In this documentation, $LANDDAROOT is used, but users are welcome to choose another name for this variable if they prefer.

2.1.2. Get Code

Clone the Land DA workflow repository. To clone the most recent release, run:

git clone -b release/public-v2.0.0 --recursive https://github.com/ufs-community/land-DA_workflow.git

To clone the develop branch, run the same command with develop in place of release/public-v2.0.0:

git clone -b develop --recursive https://github.com/ufs-community/land-DA_workflow.git

2.1.3. Build the Land DA System

  1. Navigate to the sorc directory.

    cd $LANDDAROOT/land-DA_workflow/sorc
    
  2. Run the build script app_build.sh:

    ./app_build.sh
    

    Users may need to press the Enter key to advance the build once the list of currently loaded modules appears. If the code successfully compiles, the console output should end with:

    [100%] Completed 'ufs_model.fd'
    [100%] Built target ufs_model.fd
    ... Moving pre-compiled executables to designated location ...
    

    Additionally, the exec directory will contain the following executables:

    • apply_incr.exe

    • tile2tile_converter.exe

    • ufs_model

2.1.4. Configure an Experiment

2.1.4.1. Load the Workflow Environment

To load the workflow environment, run:

cd $LANDDAROOT/land-DA_workflow
module use modulefiles
module load wflow_<platform>
conda activate land_da

where <platform> is hera, orion, or hercules.

This activates the land_da conda environment, and the user typically sees (land_da) in front of the Terminal prompt at this point.

2.1.4.2. Modify the Workflow Configuration YAML

Copy the experiment settings into land_analysis.yaml:

cd $LANDDAROOT/land-DA_workflow/parm
cp parm_xml_<platform>.yaml parm_xml.yaml

where <platform> is hera, orion, or hercules.

Users will need to configure the account and exp_basedir variables in parm_xml.yaml:

  • account: A valid account name. Hera, Orion, Hercules, and most NOAA RDHPCS systems require a valid account name; other systems may not (in which case, any value will do).

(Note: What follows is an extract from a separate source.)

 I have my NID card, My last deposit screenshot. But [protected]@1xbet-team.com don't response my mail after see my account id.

  • exp_basedir: The full path to the directory where land-DA_workflow was cloned (i.e., $LANDDAROOT). For example, if land-DA_workflow is located at /scratch2/NAGAPE/epic/User.Name/landda/land-DA_workflow on Hera, set exp_basedir to its parent directory: /scratch2/NAGAPE/epic/User.Name/landda.

Note

To determine an appropriate account field for Level 1 systems that use the Slurm job scheduler, run saccount_params. On other systems, running groups will return a list of projects that the user has permissions for. Not all listed projects/groups have an HPC allocation, but those that do are potentially valid account names.

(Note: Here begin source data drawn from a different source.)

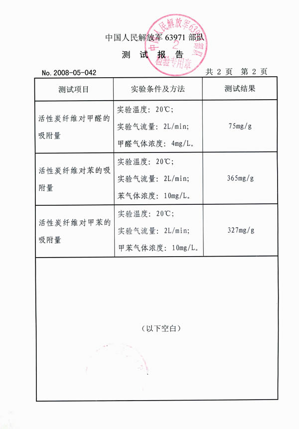 江蘇同康特種活性炭纖維公司生產(chǎn)的活性炭纖維居室凈味寶、汽車凈味寶獲得國家專利,特別適用于新裝居室、汽車或及新置家具里各種有害物質(zhì),尤其是致癌物質(zhì)、芳香族類的化合物(如苯類、醛類)的去除,使空氣潔凈清新,有利人體身心健康。該產(chǎn)品經(jīng)中國室內(nèi)裝飾協(xié)會環(huán)境監(jiān)測中心檢測對甲醛、苯、甲苯、有機(jī)揮發(fā)物(TVOC)的消除有明顯作用。
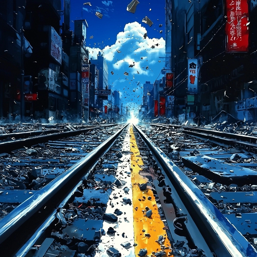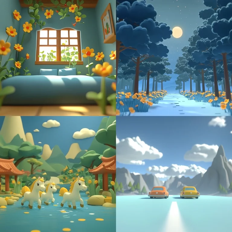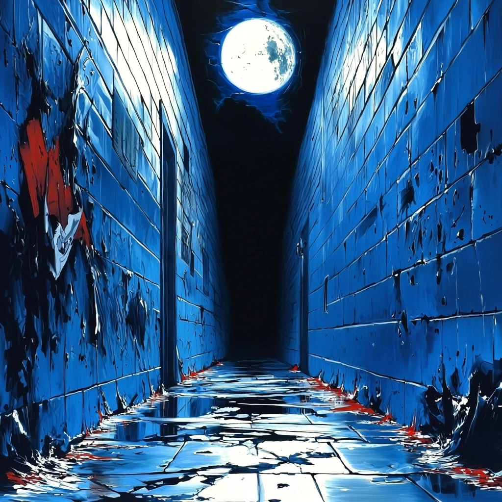 The lighting reveals sharp contrasts, highlighting both texture and depth. Blue dominates, creating a cool, dense atmosphere with hints of sparkle. Space is expansive yet contained by architectural forms.
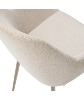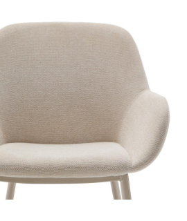 BING Silla con reposabrazos en tejido efecto chenilla beige y patas de metal beige
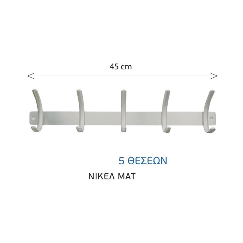 Κρεμάστρα Τοίχου Μεταλλική 5 Θέσεων Νικέλ ματ 1003
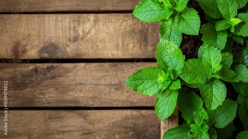Vibrant Green Mint Leaves Growing in a Wooden Box on a Rustic Table Surface
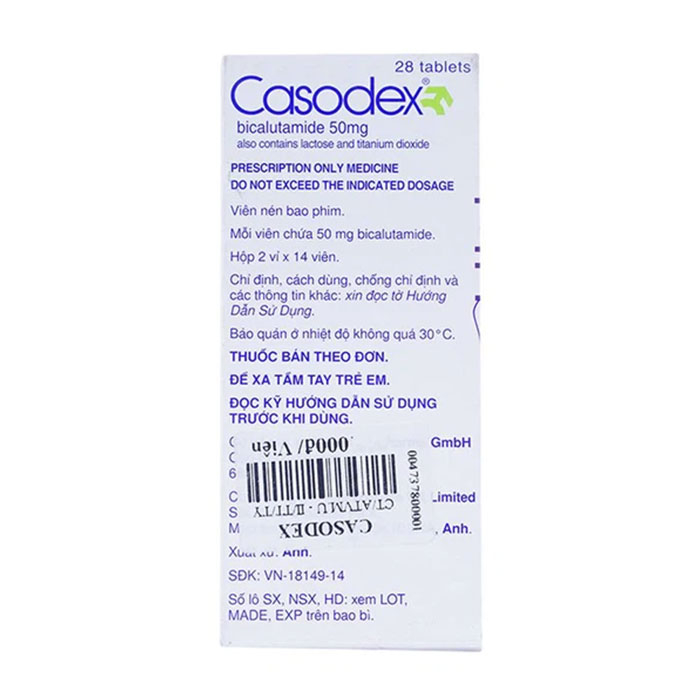 - 3: Ghi nhận từ nghiên cứu dịch tể dược về các chất chủ vận LHRH và kháng androgen được sử dụng trong điều trị ung thư tiền liệt tuyến. Nguy cơ gia tăng khi dùng CASODEX 50 mg kết hợp với chất chủ vận LHRH nhưng không tăng nguy cơ khi dùng CCasodex 50mg đơn trị liệu điều trị ung thư tiền liệt tuyến.
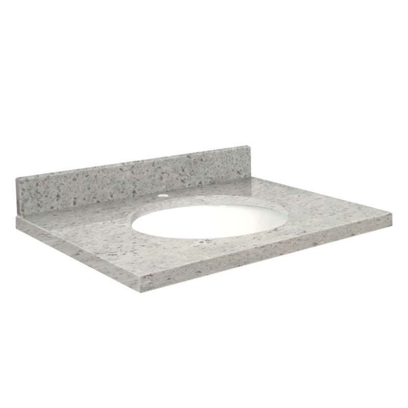 Transolid natural stone vanity tops feature a smooth, high gloss finish and an easy care beauty that lasts a lifetime. Our penetrating sealer helps protect your top from resistance to cracks, chips and scratches. Granite is a natural hard stone polished to a smooth, high gloss finish. Natural stone has typical variations in both color and pattern. All include undermount oval china bowl and a 4-in loose backsplash.

Users may configure other elements of an experiment in parm/templates/template.land_analysis.yaml if desired. For example, users may wish to alter the cycledef.spec to indicate a different start cycle, end cycle, and increment. The template.land_analysis.yaml files contain reasonable default values for running a Land DA experiment. Users who wish to run a more complex experiment may change the values in this file using information from Sections 3.1: Workflow Configuration Parameters, 3.2: I/O for the Noah-MP Model, and 3.3: I/O for JEDI DA.

2.1.4.2.1. Data

Table 2.1 shows the locations of pre-staged data on NOAA RDHPCS (e.g., Hera, Orion). These data locations are already linked to the Land DA System during the build but are provided here for informational purposes.

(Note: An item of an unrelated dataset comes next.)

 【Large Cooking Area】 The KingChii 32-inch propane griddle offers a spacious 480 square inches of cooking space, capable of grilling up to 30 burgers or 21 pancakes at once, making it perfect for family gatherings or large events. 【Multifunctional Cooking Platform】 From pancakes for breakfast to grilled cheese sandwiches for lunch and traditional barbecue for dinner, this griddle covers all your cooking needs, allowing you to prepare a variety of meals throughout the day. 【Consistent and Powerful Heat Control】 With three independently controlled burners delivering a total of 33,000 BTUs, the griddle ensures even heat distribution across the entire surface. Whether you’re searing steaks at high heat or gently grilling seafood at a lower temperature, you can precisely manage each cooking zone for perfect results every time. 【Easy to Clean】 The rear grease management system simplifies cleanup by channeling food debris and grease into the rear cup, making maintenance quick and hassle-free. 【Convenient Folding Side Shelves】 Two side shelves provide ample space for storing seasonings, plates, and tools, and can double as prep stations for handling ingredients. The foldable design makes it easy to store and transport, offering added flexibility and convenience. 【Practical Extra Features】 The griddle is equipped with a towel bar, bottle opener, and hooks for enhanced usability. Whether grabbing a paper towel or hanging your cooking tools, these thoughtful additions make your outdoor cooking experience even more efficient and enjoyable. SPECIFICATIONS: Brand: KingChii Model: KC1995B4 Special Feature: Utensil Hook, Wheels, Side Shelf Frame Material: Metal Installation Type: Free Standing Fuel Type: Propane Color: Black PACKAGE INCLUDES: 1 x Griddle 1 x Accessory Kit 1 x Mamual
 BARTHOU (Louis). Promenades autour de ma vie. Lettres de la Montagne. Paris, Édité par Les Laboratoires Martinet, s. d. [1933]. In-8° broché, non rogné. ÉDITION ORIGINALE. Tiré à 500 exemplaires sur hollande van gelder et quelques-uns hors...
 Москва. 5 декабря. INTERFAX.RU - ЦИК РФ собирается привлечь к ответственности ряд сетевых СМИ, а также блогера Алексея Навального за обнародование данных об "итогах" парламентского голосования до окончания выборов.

Table 2.1 Level 1 RDHPCS Data

Platform

Data Location

Hera

/scratch2/NAGAPE/epic/UFS_Land-DA_Dev/inputs

Hercules & Orion

/work/noaa/epic/UFS_Land-DA_Dev/inputs

Users who have difficulty accessing the data on Hera, Orion, or Hercules may download it according to the instructions in Section 2.2.3. Its subdirectories are soft-linked to the land-DA_workflow/fix directory by the build script (sorc/app_build.sh); when downloading new data, it should be placed in or linked to the fix directory.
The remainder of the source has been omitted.